The clinical trial provider, Biomedical Systems, announced the partnership with RadMD, a provider for independent expert physician image reviews for safety and efficacy endpoints.
According to the company, RadMD’s organization of more than 600 enables it to provide clients with imaging clinical trial experience – which it said is important with the increase in oncology trials and reliance on imaging services for efficacy evaluations.
“Independent expert readers such as those from RadMD represent a vital component to providing our clients with consistent and reliable data,” said Bob Mills, CCO, Biomedical Systems, commented in a press release.

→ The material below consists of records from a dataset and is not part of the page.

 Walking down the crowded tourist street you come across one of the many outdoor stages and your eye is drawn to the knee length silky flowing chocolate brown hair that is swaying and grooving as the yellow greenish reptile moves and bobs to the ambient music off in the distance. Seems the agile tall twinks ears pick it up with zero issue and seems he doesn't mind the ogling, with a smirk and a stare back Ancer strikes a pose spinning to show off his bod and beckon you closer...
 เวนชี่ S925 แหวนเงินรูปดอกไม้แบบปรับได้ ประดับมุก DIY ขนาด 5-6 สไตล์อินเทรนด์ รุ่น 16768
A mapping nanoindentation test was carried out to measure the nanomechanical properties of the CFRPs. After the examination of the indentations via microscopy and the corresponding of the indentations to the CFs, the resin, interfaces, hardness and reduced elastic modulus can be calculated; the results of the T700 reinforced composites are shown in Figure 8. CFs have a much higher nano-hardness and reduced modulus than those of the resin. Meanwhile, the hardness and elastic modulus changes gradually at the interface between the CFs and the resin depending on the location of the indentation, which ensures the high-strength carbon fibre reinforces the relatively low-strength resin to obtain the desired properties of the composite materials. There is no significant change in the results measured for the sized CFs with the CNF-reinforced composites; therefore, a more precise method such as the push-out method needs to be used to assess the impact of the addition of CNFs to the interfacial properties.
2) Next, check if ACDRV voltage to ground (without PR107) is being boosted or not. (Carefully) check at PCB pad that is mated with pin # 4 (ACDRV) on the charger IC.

Additionally, Mills explained the agreement enables Biomedical Systems and RadMD to collaborate further on clinical trials in addition to augmenting both companies’ imaging capabilities.
Rick Patt and Kohkan Shamsi, Cofounders and Principals of RadMD, explained the company will coordinate study-specific training and performance management.

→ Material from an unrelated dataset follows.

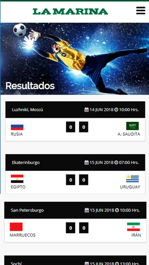 Vive la emoción del mundial de Rusia 2018 en tu celular con La Marinapp. Podrás recibir notificaciones de los partidos que más te interesan, conocer los horarios y los marcadores en tiempo real.

The two also said the agreement establishes “a new level of comprehensive reader management by RadMD,” as it leverages its team of BRITI-certified (Blinded Reader and Investigator Training Institute) readers.
This knowledge, combined with Biomedical’s electronic case report forms (eCRFs), “will raise the bar on the quality of image interpretations in clinical trials,” Patt and Shamsi explained in the release.
Biomedical Systems did not respond to a request for comment.
Update:
Dr. Rick Patt, Co-founder and Principal of RadMD, told Outsourcing-Pharma.com the goal is to continue to collaborate on imaging opportunities as well as evaluate options to partner on educational, reader management, and marketing initiatives. The company has meetings scheduled to further explore these and other topics, Patt said.
"Using a small group of well-trained, disease experts, and actively managing performance variability ensures the data are interpreted consistently," he added. "Many trials fail or succeed based solely based on independent reader interpretation of the primary endpoint. FDA has flagged and questioned many trials due to both high inter- and intra- reader variability in readers’ interpretations."